_Exercise prompt_.
Only the stretch of the listing below that runs from the line with "HUAWEI is rolling" through the line with "Technische Daten Vorderrad" is to be printed, exactly and with both ends.

_Data for the task_.
__________
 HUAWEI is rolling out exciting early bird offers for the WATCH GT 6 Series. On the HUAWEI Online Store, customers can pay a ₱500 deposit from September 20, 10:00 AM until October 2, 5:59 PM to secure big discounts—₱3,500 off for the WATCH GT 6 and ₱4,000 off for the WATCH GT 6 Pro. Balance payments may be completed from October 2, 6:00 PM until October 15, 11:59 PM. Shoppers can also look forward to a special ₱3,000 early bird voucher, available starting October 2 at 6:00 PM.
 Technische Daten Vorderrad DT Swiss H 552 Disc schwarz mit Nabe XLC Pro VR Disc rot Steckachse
__________
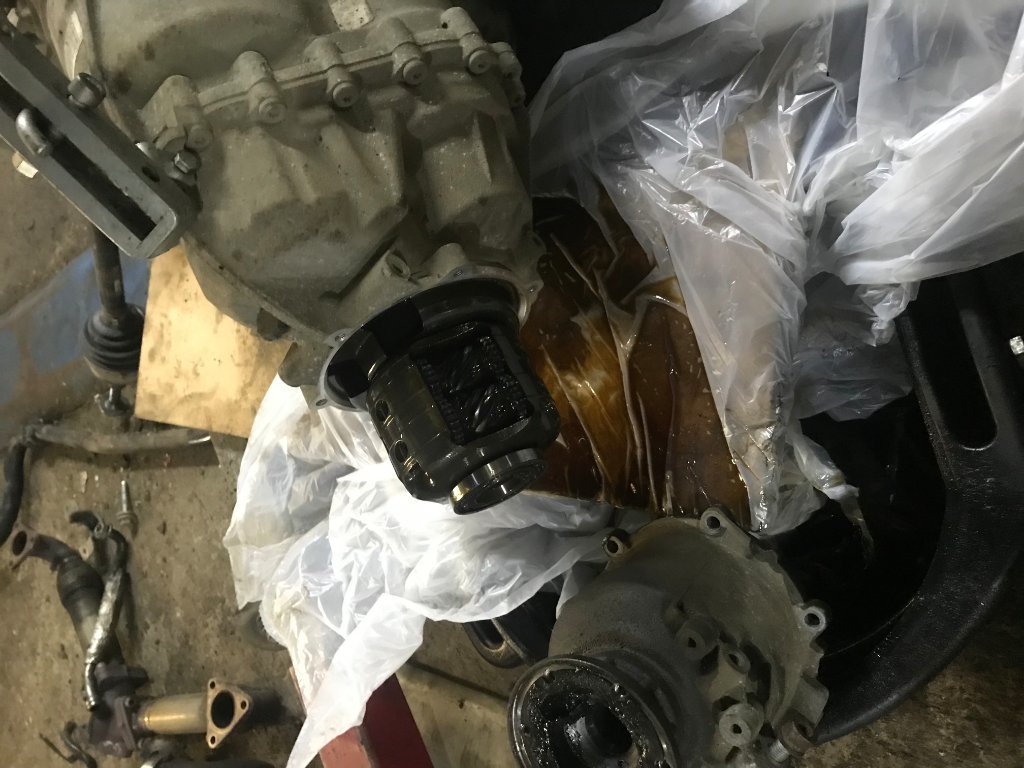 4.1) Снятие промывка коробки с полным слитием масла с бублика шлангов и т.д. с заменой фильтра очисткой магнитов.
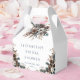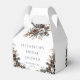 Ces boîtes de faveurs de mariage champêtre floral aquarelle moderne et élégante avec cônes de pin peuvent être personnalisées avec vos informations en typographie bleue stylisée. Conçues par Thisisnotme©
__________
_Result of the exercise_.
 HUAWEI is rolling out exciting early bird offers for the WATCH GT 6 Series. On the HUAWEI Online Store, customers can pay a ₱500 deposit from September 20, 10:00 AM until October 2, 5:59 PM to secure big discounts—₱3,500 off for the WATCH GT 6 and ₱4,000 off for the WATCH GT 6 Pro. Balance payments may be completed from October 2, 6:00 PM until October 15, 11:59 PM. Shoppers can also look forward to a special ₱3,000 early bird voucher, available starting October 2 at 6:00 PM.
 Technische Daten Vorderrad DT Swiss H 552 Disc schwarz mit Nabe XLC Pro VR Disc rot Steckachse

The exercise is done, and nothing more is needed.